I'm an autopilot pessimist, and do not plan to buy it unless the cost drops dramatically. But to be fair to Tesla:
1) The sudden divorce with MobilEye was devastating, and a massive setback to Tesla's autopilot plans. They had to switch to their nascent internal programme with new hardware, which wasn't at all ready; they're just now starting to catch up.
2) Companies like Google are doing their self-driving tech with the inclusion of LIDAR. Which is a wonderful mapping tech. It also cost $75k per unit when Tesla first got into self-driving. Today it costs "only" $7,5k per unit. Tesla deliberately chose to handicap themselves by not including LIDAR in order to ensure that the self-driving tech that they do develop will actually be affordable, and so that they can include the capability for it on every vehicle. They do pay a price for this, of course. Photogrammetry tends to be prone to misstitching problems when creating 3d models, and radar (which they haven't been using for very long, and which they assign a low trust rating to as a consequence) "sees" the world in an unusual manner (aka, a piece of aluminum foil is blazingly bright, but a piece of plywood is transparent; humans are ghostly translucent figures)
I'd take it as an encouraging sign that they're now collecting significant data from user reports of autopilot failures to reproduce the problems.
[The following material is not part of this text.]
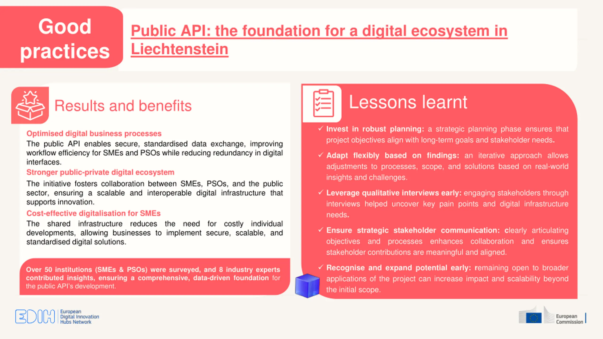 Good practices Public API: the foundation for a digital ecosystem in Liechtenstein Lessons learnt Results and benefits Invest in robust planning: a strategic planning phase ensures that project objectives align with long-term goals and stakeholder needs. Optimised digital business processes The public API enables secure, standardised data exchange, improving workflow efficiency for SMEs and PSOs while reducing redundancy in digital interfaces. Stronger public-private digital ecosystem The initiative fosters collaboration between SMEs, PSOs, and the public sector, ensuring a scalable and interoperable digital infrastructure that supports innovation. Cost-effective digitalisation for SMEs The shared infrastructure reduces developments, allowing businesses to implement secure, scalable, and standardised digital solutions. Adapt flexibly based on findings: an iterative approach allows adjustments to processes, scope, and solutions based on real-world insights and challenges. Leverage qualitative interviews early: engaging stakeholders through interviews helped uncover key pain points and digital infrastructure needs. the need for costly individual Ensure strategic stakeholder communication: clearly articulating objectives and processes enhances stakeholder contributions are meaningful and aligned. collaboration and ensures Recognise and expand potential early: remaining open to broader applications of the project can increase impact and scalability beyond the initial scope. Over 50 institutions (SMEs & PSOs) were surveyed, and 8 industry experts contributed insights, ensuring a comprehensive, data-driven foundation for the public API s development.
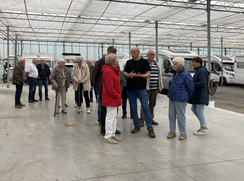 Bij de Bron/Maasroute werken ongeveer 50 seizoenarbeiders, veelal uit het buitenland maar wel jaarlijks dezelfde die terugkeren om te komen plukken. Soms met een gezin. 260 rijen met tomatenplanten, een oerwoud om door te kijken. Heel wat meters worden hier afgelegd daar was iedereen het wel over eens. Toch weer een leerzame middag voor KBO.

It suggests to me that on their development builds that they think they've gotten the "easy" problems solved (the ones that they can readily recreate themselves). But Tesla has to be very cautious about deploying new AP builds, because if they ever screw up on a build and it significantly increases the accident rate, the amount of liability that they could face for that would be huge. Hence how Tesla tends to phase-in new cameras and sensors slowly, initially with low priority given to their readings, and only slowly ramping up the trust in them with time.